● **Dataset content**:
◆ ◆ ◆ ◆
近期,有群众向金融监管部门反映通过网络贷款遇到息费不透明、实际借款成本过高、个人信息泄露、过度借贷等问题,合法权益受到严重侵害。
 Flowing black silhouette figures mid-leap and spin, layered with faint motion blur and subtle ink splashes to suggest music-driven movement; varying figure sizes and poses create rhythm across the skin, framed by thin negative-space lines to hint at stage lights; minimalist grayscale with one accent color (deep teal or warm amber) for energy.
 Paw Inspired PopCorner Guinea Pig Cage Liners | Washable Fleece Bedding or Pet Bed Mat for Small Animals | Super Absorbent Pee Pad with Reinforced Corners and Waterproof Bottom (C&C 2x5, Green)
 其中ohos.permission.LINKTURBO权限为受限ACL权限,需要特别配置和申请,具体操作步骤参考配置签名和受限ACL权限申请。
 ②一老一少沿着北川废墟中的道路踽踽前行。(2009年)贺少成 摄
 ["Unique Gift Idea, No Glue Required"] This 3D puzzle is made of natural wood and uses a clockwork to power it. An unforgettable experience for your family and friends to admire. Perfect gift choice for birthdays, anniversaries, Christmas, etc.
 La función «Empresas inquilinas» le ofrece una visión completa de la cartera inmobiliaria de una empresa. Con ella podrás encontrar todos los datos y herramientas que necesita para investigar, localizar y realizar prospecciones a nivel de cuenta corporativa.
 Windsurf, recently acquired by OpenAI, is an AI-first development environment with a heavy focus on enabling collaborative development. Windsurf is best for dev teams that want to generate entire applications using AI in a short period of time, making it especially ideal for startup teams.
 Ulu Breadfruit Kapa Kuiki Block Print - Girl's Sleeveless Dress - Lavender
◆ ◆ ◆ ◆
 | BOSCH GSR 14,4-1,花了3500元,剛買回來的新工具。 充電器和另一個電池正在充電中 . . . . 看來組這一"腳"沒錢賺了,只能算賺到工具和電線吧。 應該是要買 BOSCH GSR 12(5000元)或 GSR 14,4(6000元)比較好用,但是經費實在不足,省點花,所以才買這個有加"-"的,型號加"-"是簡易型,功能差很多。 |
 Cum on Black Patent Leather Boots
◆ ◆ ◆ ◆
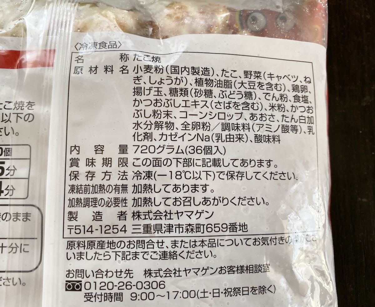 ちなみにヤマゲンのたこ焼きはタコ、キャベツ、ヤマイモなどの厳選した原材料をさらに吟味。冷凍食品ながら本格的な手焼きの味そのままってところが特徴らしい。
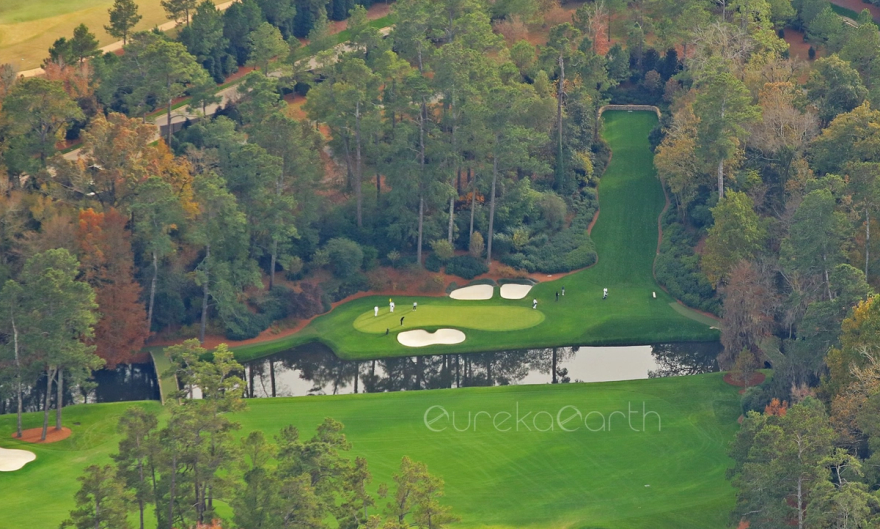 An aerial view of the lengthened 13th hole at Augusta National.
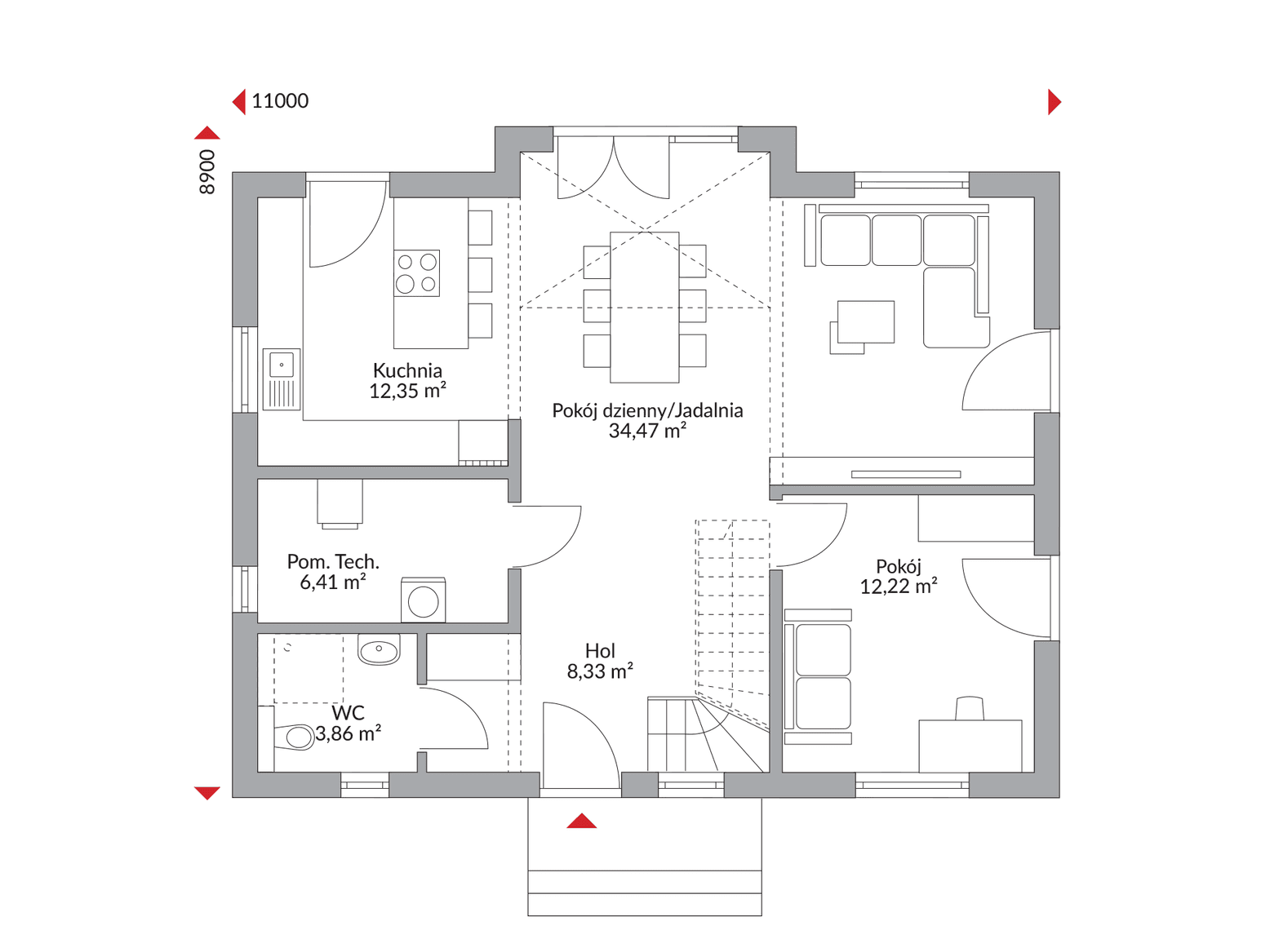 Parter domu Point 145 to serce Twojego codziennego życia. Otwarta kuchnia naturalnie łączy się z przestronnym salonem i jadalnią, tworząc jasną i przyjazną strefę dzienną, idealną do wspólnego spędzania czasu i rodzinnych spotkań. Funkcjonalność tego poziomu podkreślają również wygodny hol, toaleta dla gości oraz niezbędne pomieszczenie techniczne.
◆ ◆ ◆ ◆
● **Your task**: Of the entries above, repeat exactly the lines from the line with "de cuenta corporativa." through the line with "Ulu Breadfruit Kapa", both of them included.

● **Solution for this task**:
 La función «Empresas inquilinas» le ofrece una visión completa de la cartera inmobiliaria de una empresa. Con ella podrás encontrar todos los datos y herramientas que necesita para investigar, localizar y realizar prospecciones a nivel de cuenta corporativa.
 Windsurf, recently acquired by OpenAI, is an AI-first development environment with a heavy focus on enabling collaborative development. Windsurf is best for dev teams that want to generate entire applications using AI in a short period of time, making it especially ideal for startup teams.
 Ulu Breadfruit Kapa Kuiki Block Print - Girl's Sleeveless Dress - Lavender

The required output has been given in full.